Fellow fighter testifies that War Machine had choked him out

Updated March 14, 2017 - 7:03 pm

Herman “The Hitman” Terrado often trained with the now-banished mixed martial arts fighter known as War Machine, who is on trial in connection with attacks on former adult film actress Christine Mackinday and another man.

A professional fighter since 2008, Terrado testified Tuesday that War Machine, also known as Jonathan Koppenhaver, had choked him unconscious several times during that training.

The 35-year-old defendant faces 34 counts, including kidnapping, sexual assault and attempted murder, in connection with an August 2014 attack on Mackinday, whose stage name is Christy Mack, and Corey Thomas, who was in her home at the time.

Terrado testified that he had seen “heated situations” in the gym with Koppenhaver, who was known to take steroids, but he was “pretty calm” elsewhere.

In an effort to rebut the attempted murder charge through defense witness testimony, Koppenhaver’s attorney Brandon Sua asked Terrado whether he knew of anyone in mixed martial arts fighting who had died from being choked out.

Terrado said he did not, then demonstrated the differences between a “rear naked choke” and a “seat belt” hold on Sua.

Standing in the center of the courtroom in front of the jury box, Terrado squeezed his arms around the torso of the defense lawyer, who is taller than the witness and also well-built. The latter maneuver, Terrado said, is an effort to “control position of your opponent” and to “wear them down.”

The seat belt hold, Terrado said, would not result in someone being choked unconscious. A rear naked choke, however, which Terrado demonstrated with his forearms around Sua’s neck and head, could result in unconsciousness.

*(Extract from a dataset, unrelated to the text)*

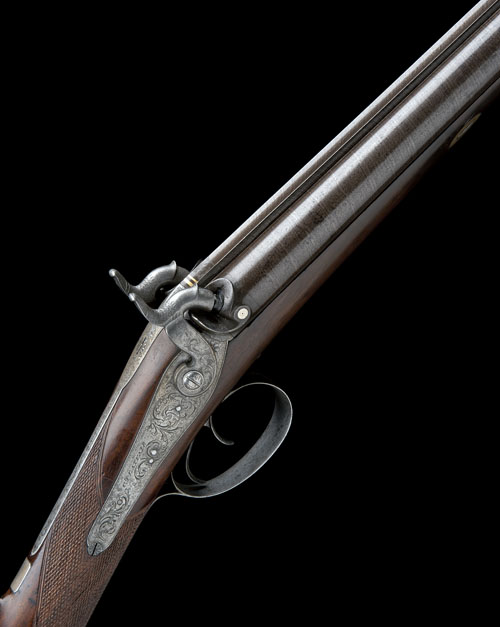 circa 1855, with 30in. re-browned barrels, marked 'ABERDEEN' on top rib,, engraved with a pheasant at the breech end together with twin gold lines, platinum plugs, hooked breech with long top-tang, border and scroll engraved back-action locks signed 'C. PLAYFAIR', scroll engraved dolphin headed hammers, walnut half-stock chequered at the wrist, engraved iron furniture and original ramrod

At the end of the demonstration, District Judge Elissa Cadish noted, “For the record, he just tapped the witness’s arm to get out of that hold.”

Terrado told jurors that a chokehold could take anywhere from 10 seconds to five minutes to knock someone out.

On cross-examination, Chief Deputy District Attorney Rob Stephens pointed out that mixed martial arts fighters can “tap out” and end a match when being choked.

“There’s punishments if people don’t let go upon counsel of the referee?” the prosecutor said.

“Yes, sir,” Terrado replied.

The prosecutor asked: “In battery domestic violence strangulation cases, you’re aware there’s no referee, correct?”

“Yes, sir,” Terrado said again.

“What’s the purpose of a referee at the UFC fights?”

“To ensure fighters’ safety,” Terrado replied.